Data records below:

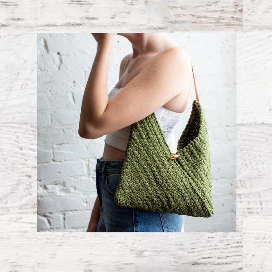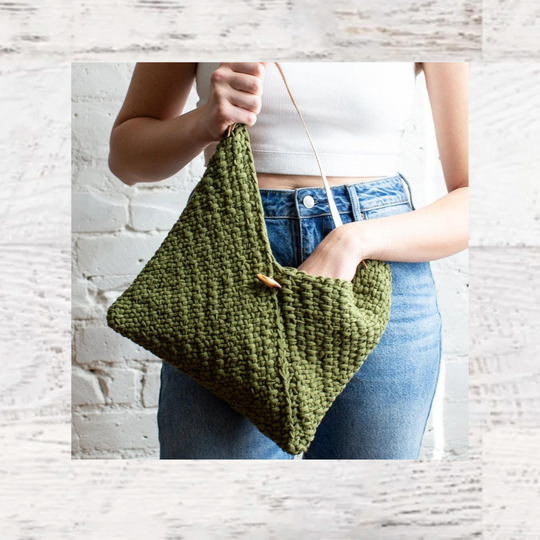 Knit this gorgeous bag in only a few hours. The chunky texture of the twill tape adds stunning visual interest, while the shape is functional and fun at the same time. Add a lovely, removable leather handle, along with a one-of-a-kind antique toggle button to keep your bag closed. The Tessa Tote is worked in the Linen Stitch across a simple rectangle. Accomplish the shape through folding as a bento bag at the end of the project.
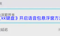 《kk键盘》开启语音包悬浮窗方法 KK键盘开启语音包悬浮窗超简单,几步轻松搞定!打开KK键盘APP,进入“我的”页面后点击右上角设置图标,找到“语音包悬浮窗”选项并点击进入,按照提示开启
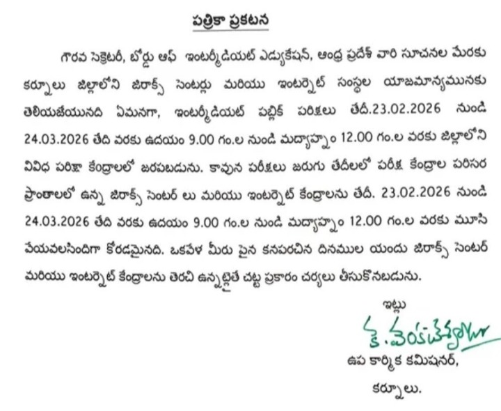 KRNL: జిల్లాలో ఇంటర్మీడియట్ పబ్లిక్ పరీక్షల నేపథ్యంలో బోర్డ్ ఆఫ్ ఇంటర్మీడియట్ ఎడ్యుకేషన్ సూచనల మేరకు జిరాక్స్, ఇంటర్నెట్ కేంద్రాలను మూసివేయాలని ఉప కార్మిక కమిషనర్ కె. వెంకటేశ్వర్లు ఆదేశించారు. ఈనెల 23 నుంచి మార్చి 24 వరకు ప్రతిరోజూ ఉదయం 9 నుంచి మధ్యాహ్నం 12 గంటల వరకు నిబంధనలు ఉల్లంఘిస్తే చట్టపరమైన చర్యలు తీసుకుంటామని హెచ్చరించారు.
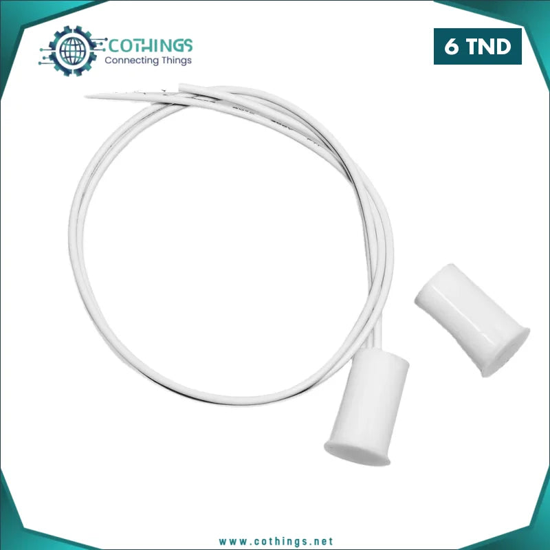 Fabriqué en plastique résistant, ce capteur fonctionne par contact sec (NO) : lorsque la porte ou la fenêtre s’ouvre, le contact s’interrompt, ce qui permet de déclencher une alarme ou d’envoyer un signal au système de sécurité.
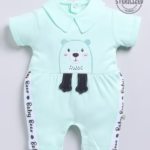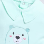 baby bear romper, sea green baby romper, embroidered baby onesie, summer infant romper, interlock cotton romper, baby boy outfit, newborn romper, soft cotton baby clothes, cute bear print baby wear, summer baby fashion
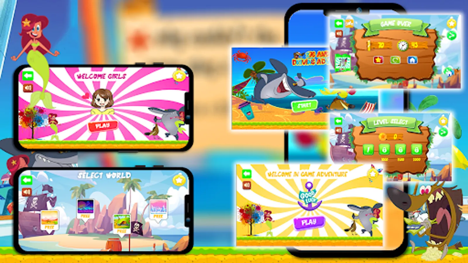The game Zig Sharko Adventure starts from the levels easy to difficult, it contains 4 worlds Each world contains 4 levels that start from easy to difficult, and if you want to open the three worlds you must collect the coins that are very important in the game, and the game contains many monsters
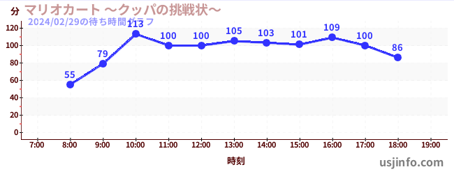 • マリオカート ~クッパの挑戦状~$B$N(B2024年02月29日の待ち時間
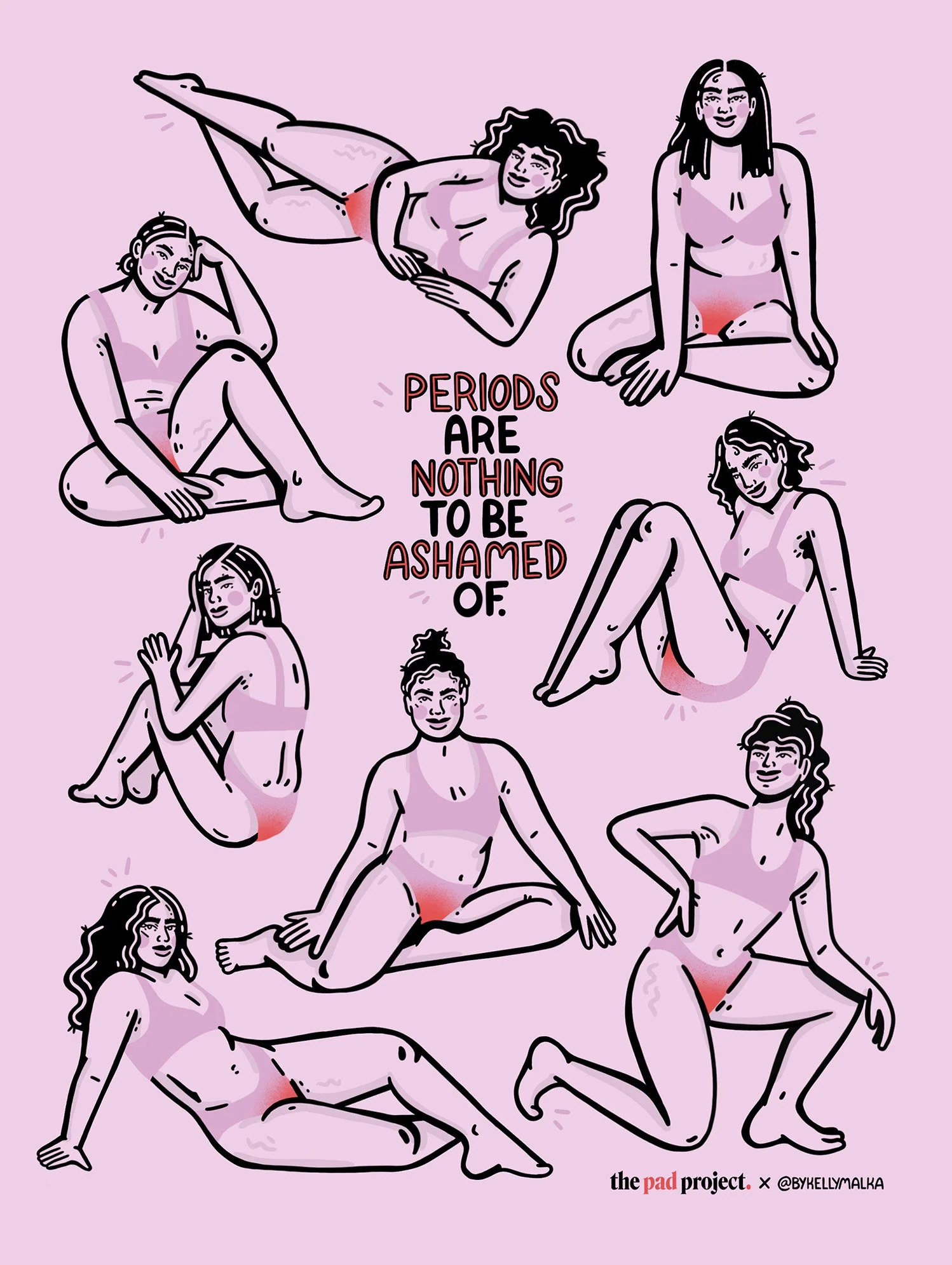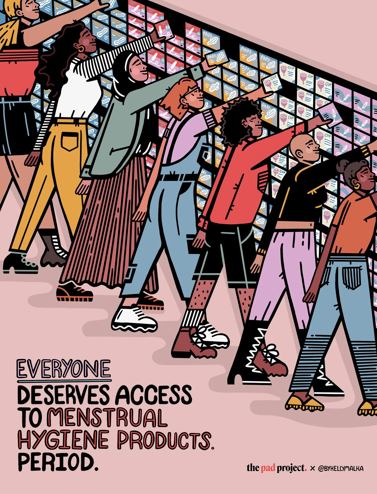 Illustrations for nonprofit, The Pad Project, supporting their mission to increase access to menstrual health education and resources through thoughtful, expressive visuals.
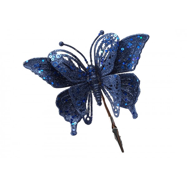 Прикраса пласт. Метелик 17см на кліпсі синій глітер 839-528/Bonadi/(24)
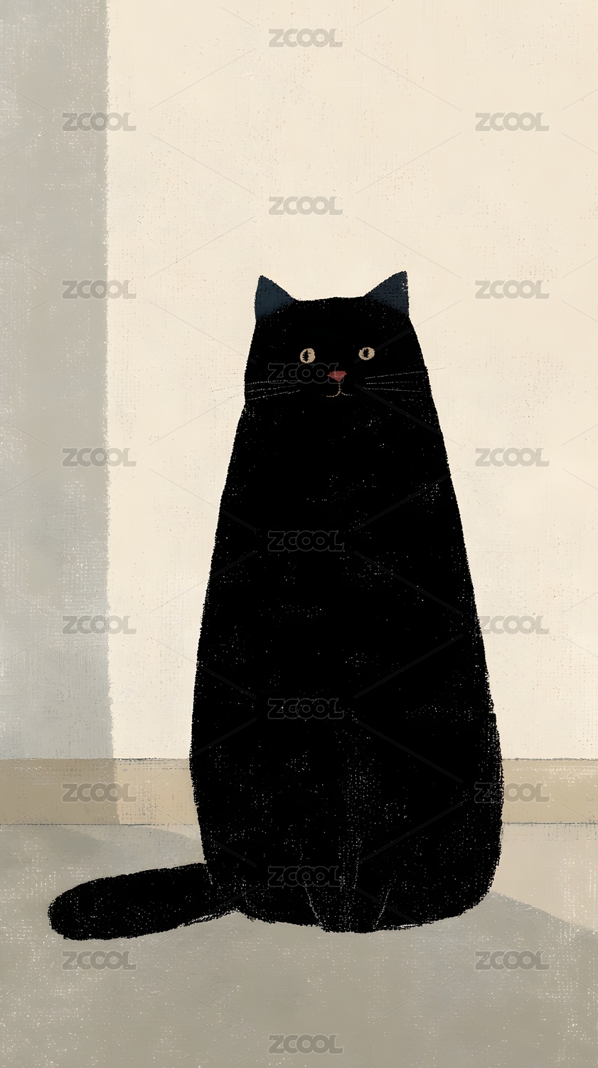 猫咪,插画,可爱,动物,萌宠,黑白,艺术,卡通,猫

End of Data records.
Data records below:

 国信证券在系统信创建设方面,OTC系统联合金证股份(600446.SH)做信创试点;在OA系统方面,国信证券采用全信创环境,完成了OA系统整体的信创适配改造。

End of Data records.

What the task asks -> Copy only what lies between the line with "Knit this gorgeous" and the line with "猫咪,插画,可爱,动物,萌宠,黑白,艺术,卡通,猫", those two lines included, exactly as given above; pictures stay out.

Answer to this exercise ->
 Knit this gorgeous bag in only a few hours. The chunky texture of the twill tape adds stunning visual interest, while the shape is functional and fun at the same time. Add a lovely, removable leather handle, along with a one-of-a-kind antique toggle button to keep your bag closed. The Tessa Tote is worked in the Linen Stitch across a simple rectangle. Accomplish the shape through folding as a bento bag at the end of the project.
 《kk键盘》开启语音包悬浮窗方法 KK键盘开启语音包悬浮窗超简单,几步轻松搞定!打开KK键盘APP,进入“我的”页面后点击右上角设置图标,找到“语音包悬浮窗”选项并点击进入,按照提示开启
 KRNL: జిల్లాలో ఇంటర్మీడియట్ పబ్లిక్ పరీక్షల నేపథ్యంలో బోర్డ్ ఆఫ్ ఇంటర్మీడియట్ ఎడ్యుకేషన్ సూచనల మేరకు జిరాక్స్, ఇంటర్నెట్ కేంద్రాలను మూసివేయాలని ఉప కార్మిక కమిషనర్ కె. వెంకటేశ్వర్లు ఆదేశించారు. ఈనెల 23 నుంచి మార్చి 24 వరకు ప్రతిరోజూ ఉదయం 9 నుంచి మధ్యాహ్నం 12 గంటల వరకు నిబంధనలు ఉల్లంఘిస్తే చట్టపరమైన చర్యలు తీసుకుంటామని హెచ్చరించారు.
 Fabriqué en plastique résistant, ce capteur fonctionne par contact sec (NO) : lorsque la porte ou la fenêtre s’ouvre, le contact s’interrompt, ce qui permet de déclencher une alarme ou d’envoyer un signal au système de sécurité.
 baby bear romper, sea green baby romper, embroidered baby onesie, summer infant romper, interlock cotton romper, baby boy outfit, newborn romper, soft cotton baby clothes, cute bear print baby wear, summer baby fashion
The game Zig Sharko Adventure starts from the levels easy to difficult, it contains 4 worlds Each world contains 4 levels that start from easy to difficult, and if you want to open the three worlds you must collect the coins that are very important in the game, and the game contains many monsters
 • マリオカート ~クッパの挑戦状~$B$N(B2024年02月29日の待ち時間
 Illustrations for nonprofit, The Pad Project, supporting their mission to increase access to menstrual health education and resources through thoughtful, expressive visuals.
 Прикраса пласт. Метелик 17см на кліпсі синій глітер 839-528/Bonadi/(24)
 猫咪,插画,可爱,动物,萌宠,黑白,艺术,卡通,猫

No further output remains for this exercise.